Problem —
Exactly as they stand, give the records below again, with no images.

Exercise data —

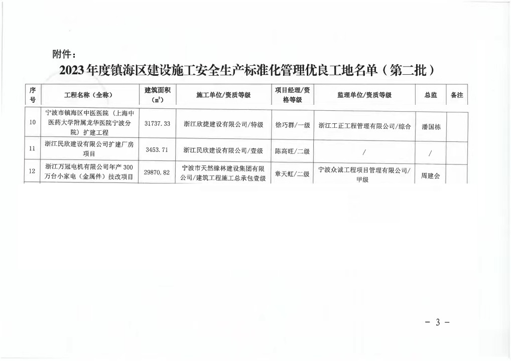 12月5日,寧波市鎮(zhèn)海區(qū)住房和城鄉(xiāng)建設(shè)交通局發(fā)布《關(guān)于公布2023年度鎮(zhèn)海區(qū)建設(shè)施工安全生產(chǎn)標(biāo)準(zhǔn)化管理優(yōu)良工地獲獎(jiǎng)工程》文件通知,由我眾誠(chéng)工程公司監(jiān)理的浙江萬(wàn)冠電機(jī)有限公司年產(chǎn)300萬(wàn)臺(tái)小家電整機(jī)(金屬件)技改項(xiàng)目獲得“2023年度建筑施工安全生產(chǎn)標(biāo)準(zhǔn)化工地”榮譽(yù)稱號(hào)。
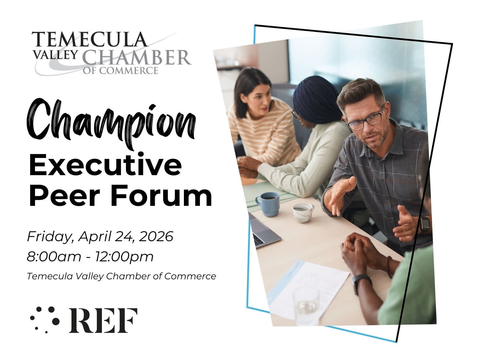 Join an exclusive gathering of high-level leaders for a morning of insight, connection, and strategic dialogue. The Executive Champion Peer Forum is a premier professional development opportunity designed specifically for CEOs, business owners, and senior executives. This forum offers a confidential space to exchange perspectives, explore challenges, and strengthen leadership capabilities through shared experience and expert facilitation.
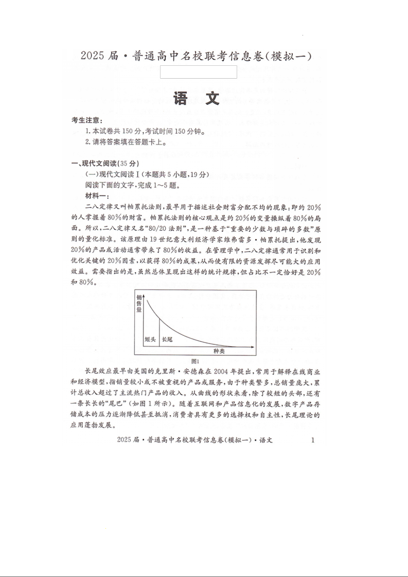 湖南省2025届普通高中名校联考信息卷(模拟一)语文.docx
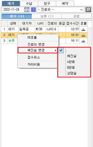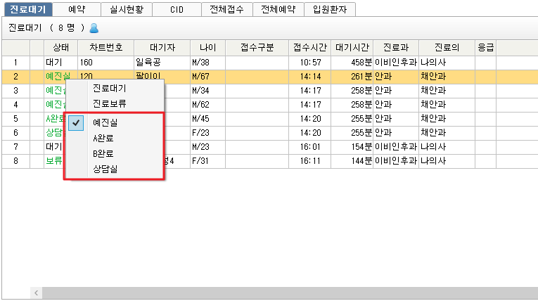 2) 대기자의 [상태] 항목 값 Right Click 시 [예진실] 목록 메뉴 팝업
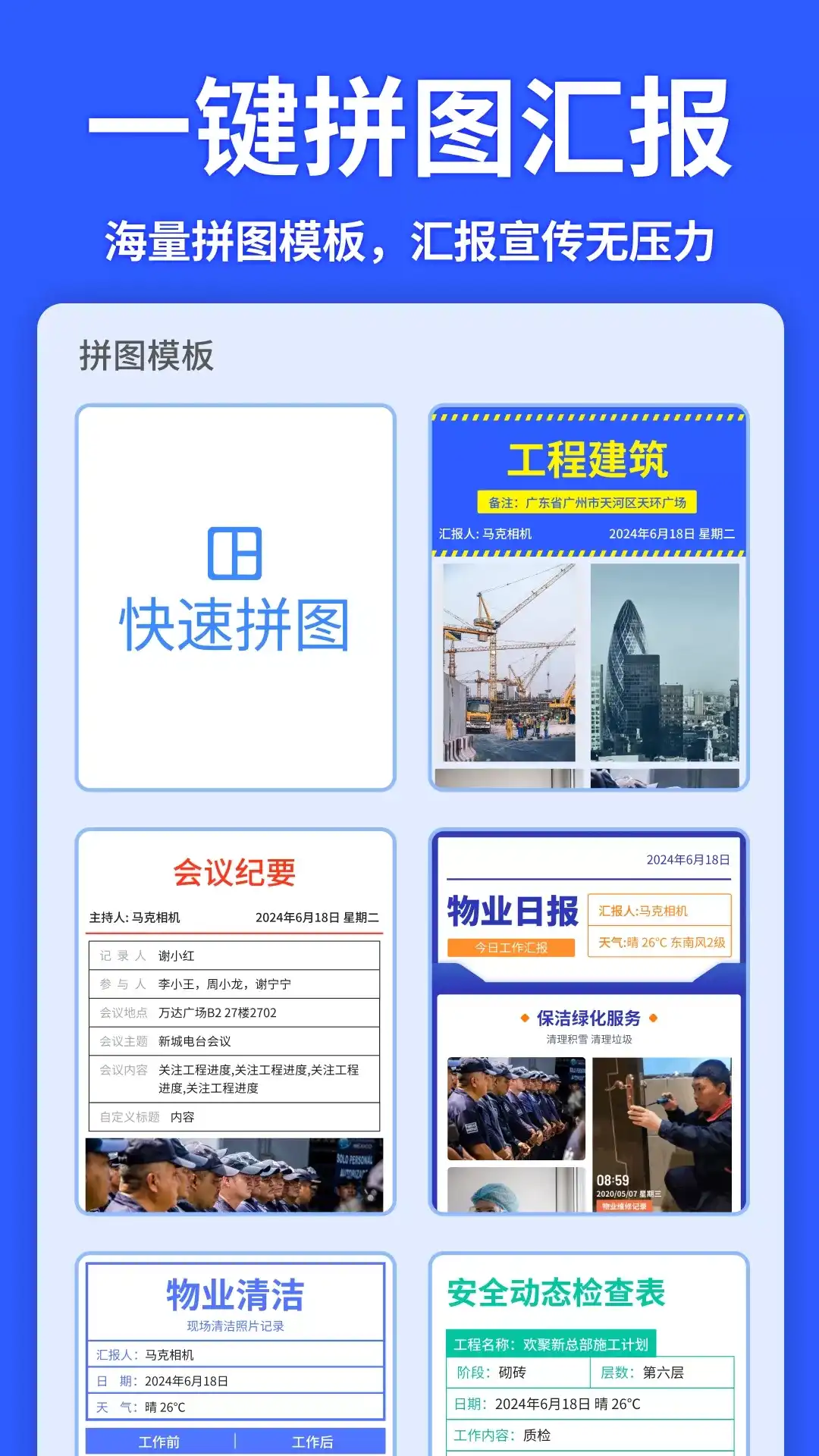 这是一款工程施工拍照管理应用,按照工程及施工地点管理施工照片的水印相机;在照片上添加水印:做施工记号,记录经纬度、海拔、方位角度、地理位置、天气、工程信息及自定义备注等。 主要功能 1.工程及施工地点管理。 2.添加水印:做施工记号、记录经纬度、海拔、方位角度、地理位置、天气、工程信息及自定义备注等;多种不同行业风格的水印可选。 3.照片编辑涂鸦及分享好友,一键导航,一键导出。 4.云盘存储,云端备份工程信息及照片,多设备间同步。 5.团队共享,邀请团队成员加入工程,管理团队成员的施工拍照。 6.云端相册,工程备忘录,拼图汇报。 适用于市政工程、交通工程、电力工程、天网工程、土建工程、园林绿化、市政道路清扫保洁、市政设施施工、装修施工、建筑施工等各种工程的拍照分类归档。

Response for this exercise —
 12月5日,寧波市鎮(zhèn)海區(qū)住房和城鄉(xiāng)建設(shè)交通局發(fā)布《關(guān)于公布2023年度鎮(zhèn)海區(qū)建設(shè)施工安全生產(chǎn)標(biāo)準(zhǔn)化管理優(yōu)良工地獲獎(jiǎng)工程》文件通知,由我眾誠(chéng)工程公司監(jiān)理的浙江萬(wàn)冠電機(jī)有限公司年產(chǎn)300萬(wàn)臺(tái)小家電整機(jī)(金屬件)技改項(xiàng)目獲得“2023年度建筑施工安全生產(chǎn)標(biāo)準(zhǔn)化工地”榮譽(yù)稱號(hào)。
 Join an exclusive gathering of high-level leaders for a morning of insight, connection, and strategic dialogue. The Executive Champion Peer Forum is a premier professional development opportunity designed specifically for CEOs, business owners, and senior executives. This forum offers a confidential space to exchange perspectives, explore challenges, and strengthen leadership capabilities through shared experience and expert facilitation.
 湖南省2025届普通高中名校联考信息卷(模拟一)语文.docx
 2) 대기자의 [상태] 항목 값 Right Click 시 [예진실] 목록 메뉴 팝업
 这是一款工程施工拍照管理应用,按照工程及施工地点管理施工照片的水印相机;在照片上添加水印:做施工记号,记录经纬度、海拔、方位角度、地理位置、天气、工程信息及自定义备注等。 主要功能 1.工程及施工地点管理。 2.添加水印:做施工记号、记录经纬度、海拔、方位角度、地理位置、天气、工程信息及自定义备注等;多种不同行业风格的水印可选。 3.照片编辑涂鸦及分享好友,一键导航,一键导出。 4.云盘存储,云端备份工程信息及照片,多设备间同步。 5.团队共享,邀请团队成员加入工程,管理团队成员的施工拍照。 6.云端相册,工程备忘录,拼图汇报。 适用于市政工程、交通工程、电力工程、天网工程、土建工程、园林绿化、市政道路清扫保洁、市政设施施工、装修施工、建筑施工等各种工程的拍照分类归档。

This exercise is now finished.